* WORKING DATA

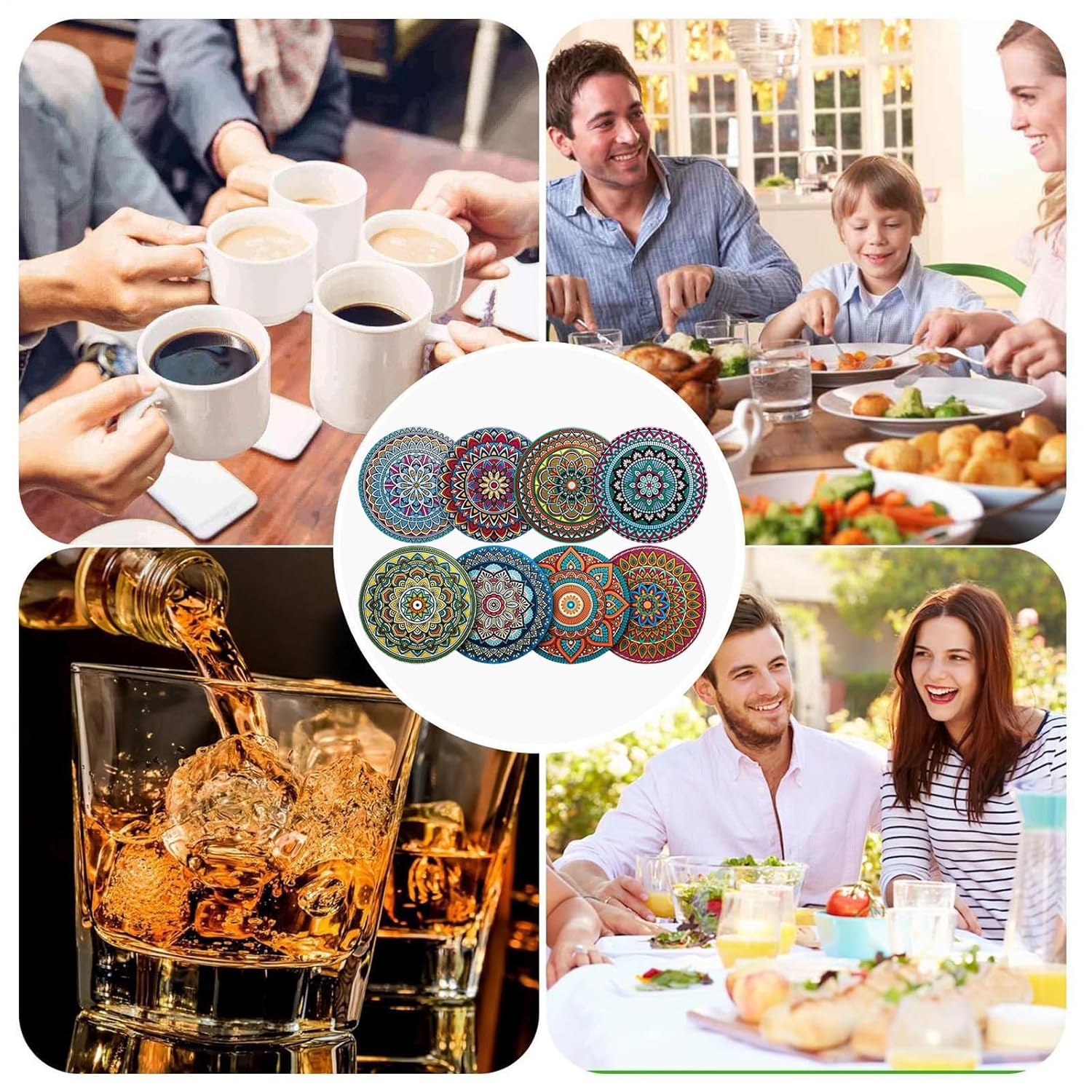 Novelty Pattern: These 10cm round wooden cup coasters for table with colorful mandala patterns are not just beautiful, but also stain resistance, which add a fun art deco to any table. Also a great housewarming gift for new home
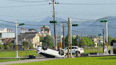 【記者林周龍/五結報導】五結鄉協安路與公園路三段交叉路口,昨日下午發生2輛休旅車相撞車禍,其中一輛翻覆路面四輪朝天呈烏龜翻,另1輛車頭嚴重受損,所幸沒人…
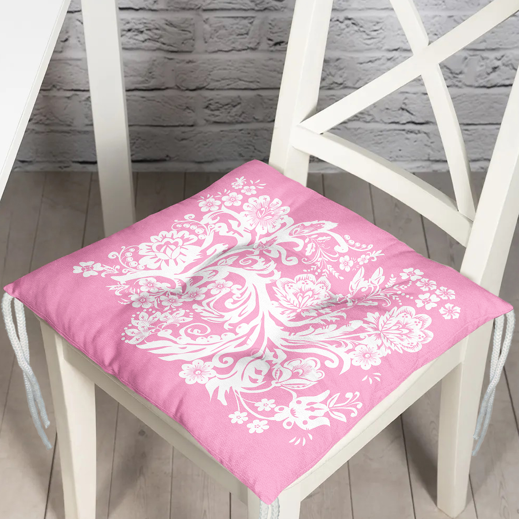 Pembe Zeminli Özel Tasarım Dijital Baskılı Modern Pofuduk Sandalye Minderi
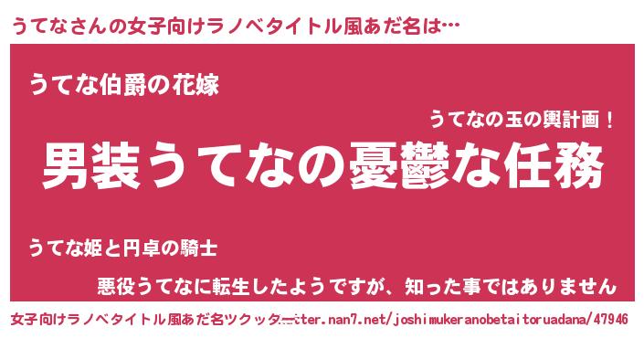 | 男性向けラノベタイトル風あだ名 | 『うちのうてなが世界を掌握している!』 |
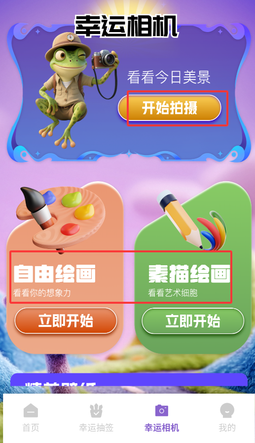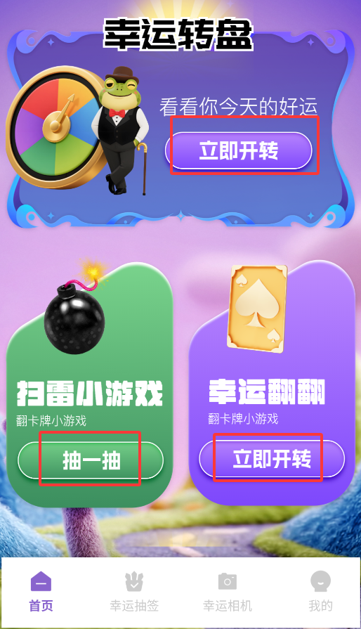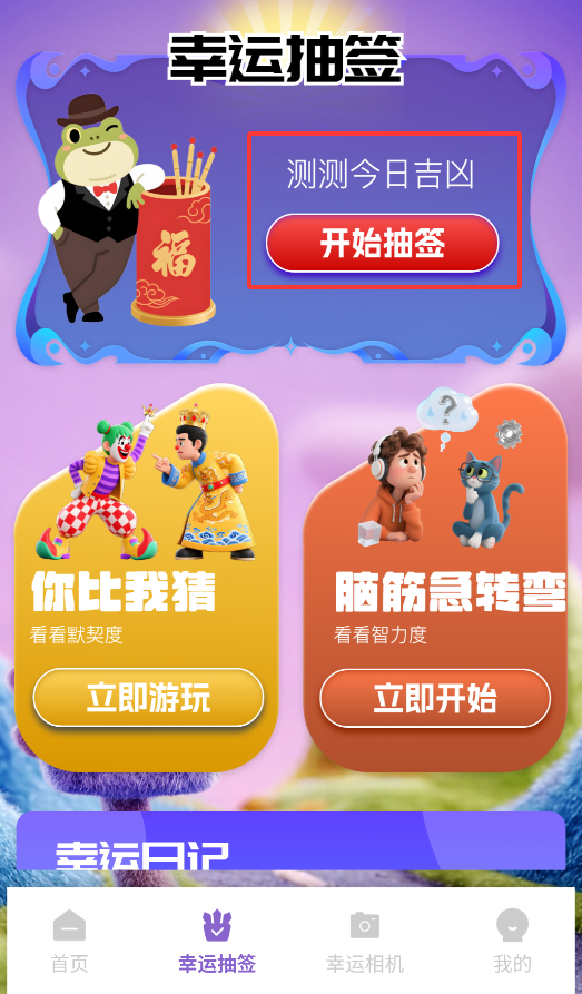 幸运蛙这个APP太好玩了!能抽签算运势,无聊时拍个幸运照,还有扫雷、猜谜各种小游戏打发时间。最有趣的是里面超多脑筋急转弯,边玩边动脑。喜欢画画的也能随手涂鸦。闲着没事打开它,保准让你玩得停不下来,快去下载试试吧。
--
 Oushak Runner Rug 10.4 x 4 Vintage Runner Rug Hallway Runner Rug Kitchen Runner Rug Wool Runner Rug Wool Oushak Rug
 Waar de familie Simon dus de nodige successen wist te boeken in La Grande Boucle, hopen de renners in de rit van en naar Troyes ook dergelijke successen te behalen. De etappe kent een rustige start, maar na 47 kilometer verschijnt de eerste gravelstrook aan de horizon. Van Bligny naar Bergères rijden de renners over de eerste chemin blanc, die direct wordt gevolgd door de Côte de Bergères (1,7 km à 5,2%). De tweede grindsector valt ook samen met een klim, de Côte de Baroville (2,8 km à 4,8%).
==
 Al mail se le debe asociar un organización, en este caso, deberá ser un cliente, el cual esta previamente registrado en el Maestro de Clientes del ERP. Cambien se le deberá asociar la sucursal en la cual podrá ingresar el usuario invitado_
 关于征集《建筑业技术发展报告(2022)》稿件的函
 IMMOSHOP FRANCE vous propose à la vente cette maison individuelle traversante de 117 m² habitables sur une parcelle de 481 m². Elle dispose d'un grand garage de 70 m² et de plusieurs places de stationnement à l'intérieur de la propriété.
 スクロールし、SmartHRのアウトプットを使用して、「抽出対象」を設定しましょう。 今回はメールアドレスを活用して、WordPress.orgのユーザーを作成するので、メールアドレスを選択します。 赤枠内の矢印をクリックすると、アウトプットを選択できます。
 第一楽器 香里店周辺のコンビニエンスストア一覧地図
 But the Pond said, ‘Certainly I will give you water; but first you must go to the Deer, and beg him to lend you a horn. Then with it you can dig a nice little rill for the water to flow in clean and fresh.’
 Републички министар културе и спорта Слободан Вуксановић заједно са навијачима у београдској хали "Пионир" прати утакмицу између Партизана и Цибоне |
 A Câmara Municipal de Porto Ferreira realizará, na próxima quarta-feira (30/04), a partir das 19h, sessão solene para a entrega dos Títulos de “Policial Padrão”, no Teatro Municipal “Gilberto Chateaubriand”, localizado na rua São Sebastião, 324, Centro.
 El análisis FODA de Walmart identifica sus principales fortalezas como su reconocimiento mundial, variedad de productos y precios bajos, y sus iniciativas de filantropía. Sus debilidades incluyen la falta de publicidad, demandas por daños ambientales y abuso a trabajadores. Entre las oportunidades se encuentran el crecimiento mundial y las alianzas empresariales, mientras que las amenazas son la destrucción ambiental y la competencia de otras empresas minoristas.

* TASK TO COMPLETE
The lines above from the one with "关于征集《建筑业技术发展报告(2022)》稿件的函" through the one with "A Câmara Municipal" are to be duplicated exactly, ends included, with nothing added.

* EXERCISE ANSWER
 关于征集《建筑业技术发展报告(2022)》稿件的函
 IMMOSHOP FRANCE vous propose à la vente cette maison individuelle traversante de 117 m² habitables sur une parcelle de 481 m². Elle dispose d'un grand garage de 70 m² et de plusieurs places de stationnement à l'intérieur de la propriété.
 スクロールし、SmartHRのアウトプットを使用して、「抽出対象」を設定しましょう。 今回はメールアドレスを活用して、WordPress.orgのユーザーを作成するので、メールアドレスを選択します。 赤枠内の矢印をクリックすると、アウトプットを選択できます。
 第一楽器 香里店周辺のコンビニエンスストア一覧地図
 But the Pond said, ‘Certainly I will give you water; but first you must go to the Deer, and beg him to lend you a horn. Then with it you can dig a nice little rill for the water to flow in clean and fresh.’
 Републички министар културе и спорта Слободан Вуксановић заједно са навијачима у београдској хали "Пионир" прати утакмицу између Партизана и Цибоне |
 A Câmara Municipal de Porto Ferreira realizará, na próxima quarta-feira (30/04), a partir das 19h, sessão solene para a entrega dos Títulos de “Policial Padrão”, no Teatro Municipal “Gilberto Chateaubriand”, localizado na rua São Sebastião, 324, Centro.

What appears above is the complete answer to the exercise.